Die zulässige Klage bleibt ohne Erfolg.

Die Heranziehung des Klägers durch die Beklagte zur Erstattung von Abschiebungskosten im Bescheid vom 07. November 2005 ist, soweit diese noch geltend gemacht werden, rechtmäßig und verletzt den Kläger insoweit nicht in seinen Rechten (§ 113 Abs. 1 Satz 1 VwGO).

Die Kosten für die Botschaftsvorführung sind gemäß § 67 Abs. 1 AufenthG vom Kläger zu tragen, da dessen Vorführung unabhängig von der Rechtswidrigkeit seiner Abschiebehaft erforderlich war. Denn der Kläger hat zu keiner Zeit an der Beschaffung der benötigten Reisedokumente mitgewirkt. Insbesondere hat er die Möglichkeit, sich die notwendigen Unterlagen durch einen Antrag bei der türkischen Botschaft bzw. vor Antritt seiner Haft zu beschaffen, nicht genutzt.

Auch die Geltendmachung der Kosten für die polizeiliche Begleitung des Klägers während seiner Rückführungen (Personal- und Flugkosten) durch jeweils zwei Beamte der Beigeladenen führt nicht zu einer Rechtswidrigkeit des angefochtenen Bescheids. Denn die amtliche Begleitung des Klägers während des Rückführungsfluges war erforderlich i. S. d. § 67 Abs. 1 Nr. 3 AufenthG. Die Entscheidung über den Einsatz von Begleitbeamten während des Fluges trifft ausschließlich die mit der polizeilichen Kontrolle des grenzüberschreitenden Verkehrs beauftragte Behörde, also die Beigeladene. Sie allein ist für die ordnungsgemäße Durchführung der Rückführungsmaßnahme verantwortlich. Dabei hat sie in eigener Zuständigkeit alle sicherheitsrelevanten Umstände zu berücksichtigen, zu denen u. a. neben der eigenen Einschätzung der individuellen Gefährlichkeit des Ausländers in der Situation der Abschiebung und den allgemeinen Flugsicherheitsvorschriften auch die Personenbeschreibung des zuständigen Ausländeramtes gehört (vgl. OVG Münster, Urt. v. 18.06.2001 – 18 A 702/97 – , NVwZ-RR 2002, S. 69 f.). Eine unbegleitete Abschiebung auf dem Luftwege kommt nur dann in Betracht, wenn die mit der Abschiebung betraute Behörde angesichts des ihr bekannten Sachverhalts mit Sicherheit davon ausgehen kann, dass der abzuschiebende Ausländer sich weder der Abschiebung widersetzt, noch im Übrigen eine Gefährdung der Flugsicherheit von ihm ausgeht.

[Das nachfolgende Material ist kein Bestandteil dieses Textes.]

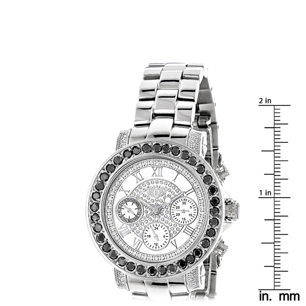 Designer Luxurman Watches! This Ladies Black Diamond Watch by Luxurman showcases 2.50 carats of fancy black diamonds on the bezel. This Luxurman diamond watch features a white face paved in white sparkling stones and three subdials, a silver tone stainless steel case and a polished silver tone stainless band. This Ladies diamond wrist watch houses a fine Japan-made quartz movement, and is conveniently water-resistant.
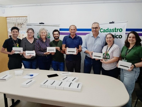 O prefeito Mario Costenaro e o vice-prefeito Lucio De Marchi entregaram, nesta quinta-feira (23), 16 novos tablets. Destes, 13 serão usados pelos entrevistadores do Cadastro Único para Programas Sociais (CadÚnico) dos Centros de Referência de Assistência Social (Cras), 2 irão para a equipe de abordagem e 1 para o Departamento de Vigilância Socioassistencial.
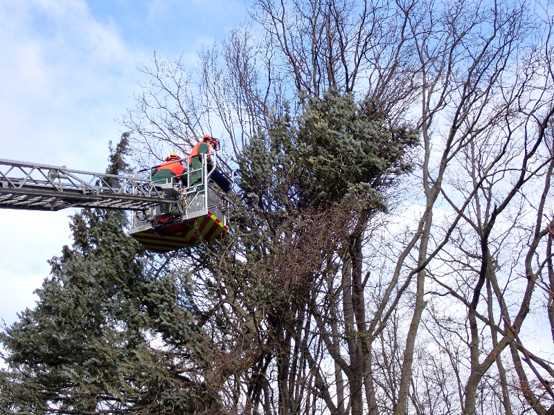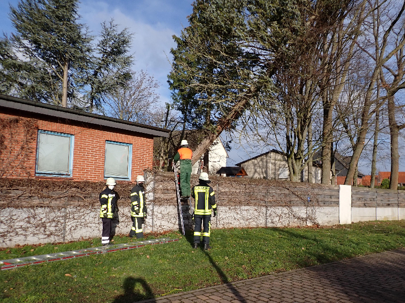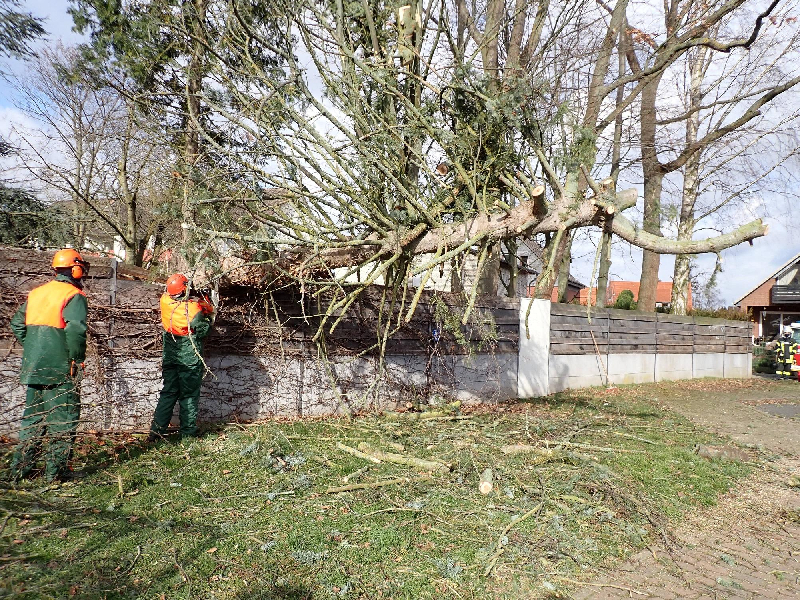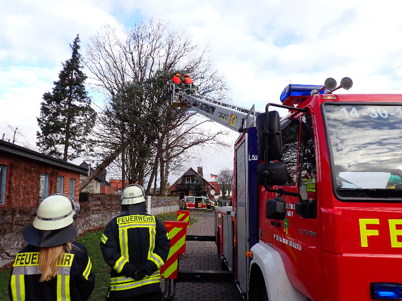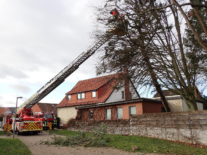Es drohte ein Baum auf die Stormstraße zu fallen. Er wurde durch einen zweiten Baum gestoppt. Die Drehleiter aus Barsinghausen wurde nachgefordert. Der Baum musste langsam Stück für Stück zersägt werden. Der Zaun darunter wurde bei den Arbeiten durch den Baum beschädigt. Im Einsatz bis 13:00 Uhr waren 30 Feuerwehrleute mit 6 Fahrzeugen sowie Polizei.
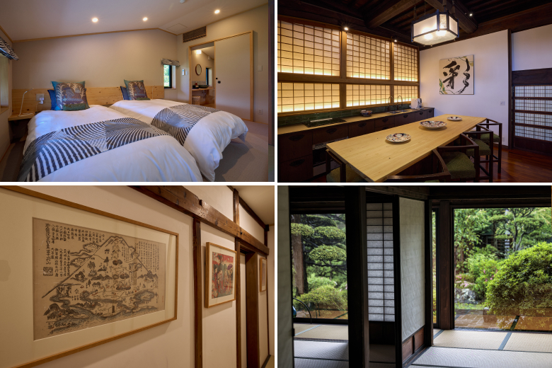 The living room, dining room, bedrooms, and other private spaces have been remodeled with comfort in mind and come complete with quality linens, amenities, and a kitchen. A stay at Gakuroku Suien is a rare chance to experience the luxury of having an entire historic Japanese house all to yourself.
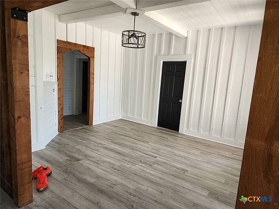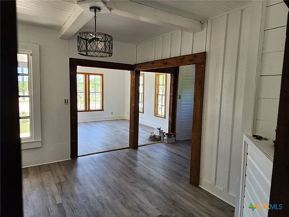 Step inside this inviting 2-bedroom, 1-bath home set on just over 1 acre of beautiful land dotted with mature oaks. The home combines timeless character with fresh updates — featuring tall windows that flood the rooms with natural light, rustic wood beams, and crisp finishes that highlight its unique personality.

Vorliegend spricht schon das Profil des Klägers für die Annahme, dass die von der Beigeladenen verfügten Begleitungen des Klägers durch jeweils zwei Begleitbeamte erforderlich waren. Denn die Beklagte hat zutreffend darauf hingewiesen, dass der Kläger schon vor seiner ersten Abschiebung mehrfach Gewalttaten begangen hatte, wegen derer er auch verurteilt wurde. Außerdem wurde er vom Landeskriminalamt Niedersachsen nachweislich als "Ausbrecher" geführt. Aufgrund dieser vom Kläger offenbarten Gewalt- und Fluchtbereitschaft durfte die Beklagte davon ausgehen, dass auch bei den beiden Rückführungen jeweils mit Widerstand des Klägers zu rechnen sein würde. Dies gilt umso mehr, als es sich bei den Rückführungsflügen jeweils um Linienflüge gehandelt hat.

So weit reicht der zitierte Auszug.